- Exercise brief -
Retype each line of the material below word for word; pictures stay out.

- Exercise data -
= = = = = = =

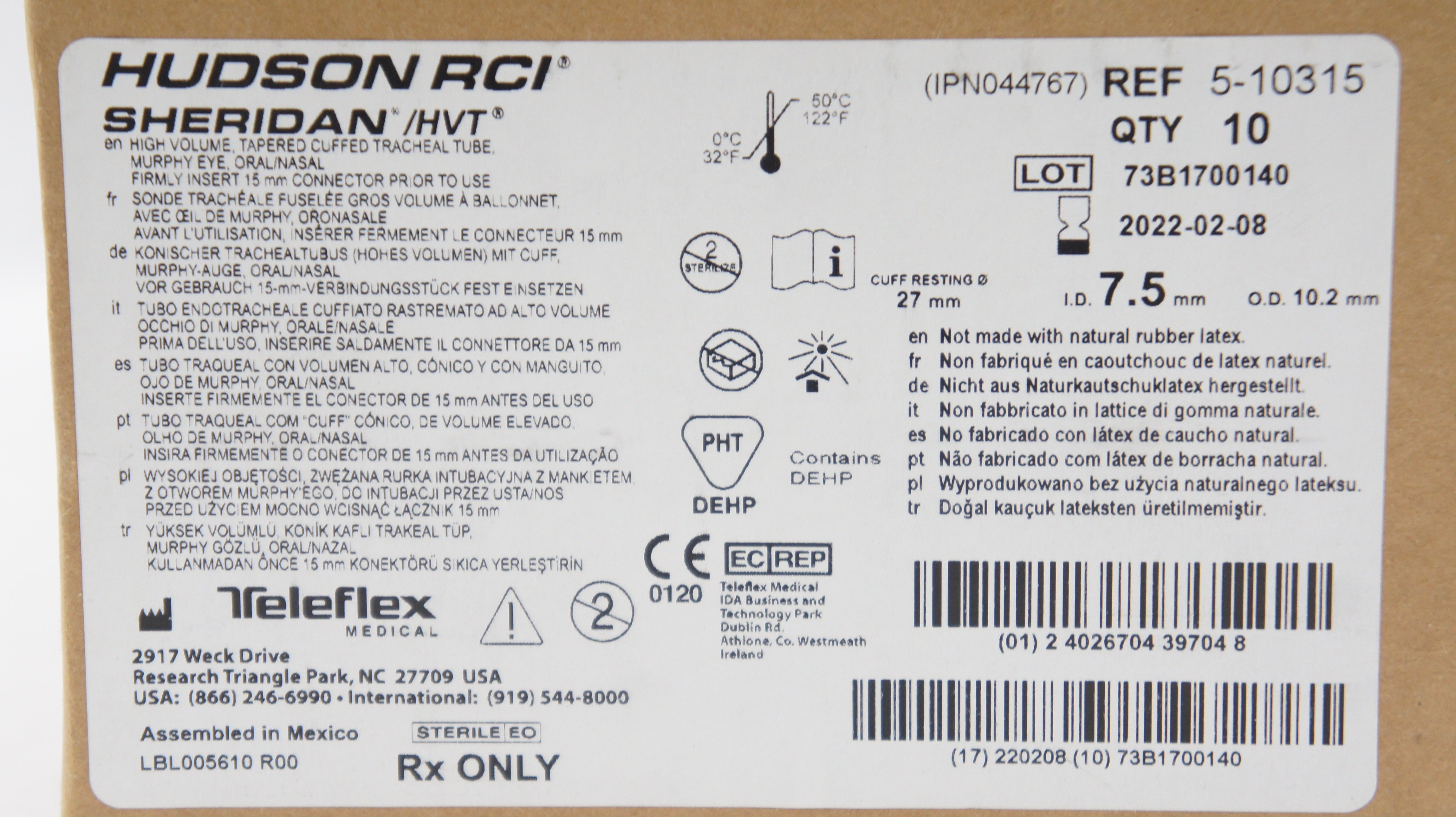 - Teleflex 5-10315 Hudson RCI Sheridan HVT Tracheal Tube 7.5x10.2mm (x) -Box of 10
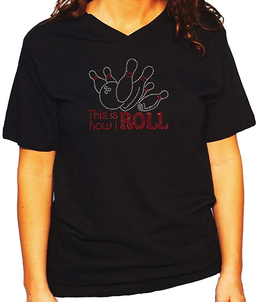Women's / Unisex T-Shirt with This is how we Roll Bowling in Rhinestones
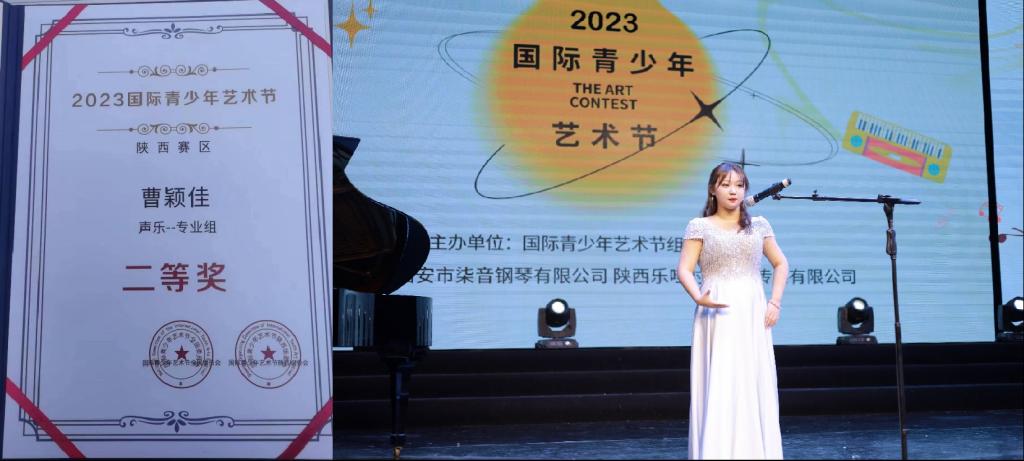 本网讯 近日,公司文学与云顶国际8588yd学前2312班员工曹颖佳在2023国际青少年艺术节(陕西赛区)比赛中凭借出色的演唱表现荣获了声乐组(专业组)二等奖。

= = = = = = =

- Result of this task -
 - Teleflex 5-10315 Hudson RCI Sheridan HVT Tracheal Tube 7.5x10.2mm (x) -Box of 10
Women's / Unisex T-Shirt with This is how we Roll Bowling in Rhinestones
 本网讯 近日,公司文学与云顶国际8588yd学前2312班员工曹颖佳在2023国际青少年艺术节(陕西赛区)比赛中凭借出色的演唱表现荣获了声乐组(专业组)二等奖。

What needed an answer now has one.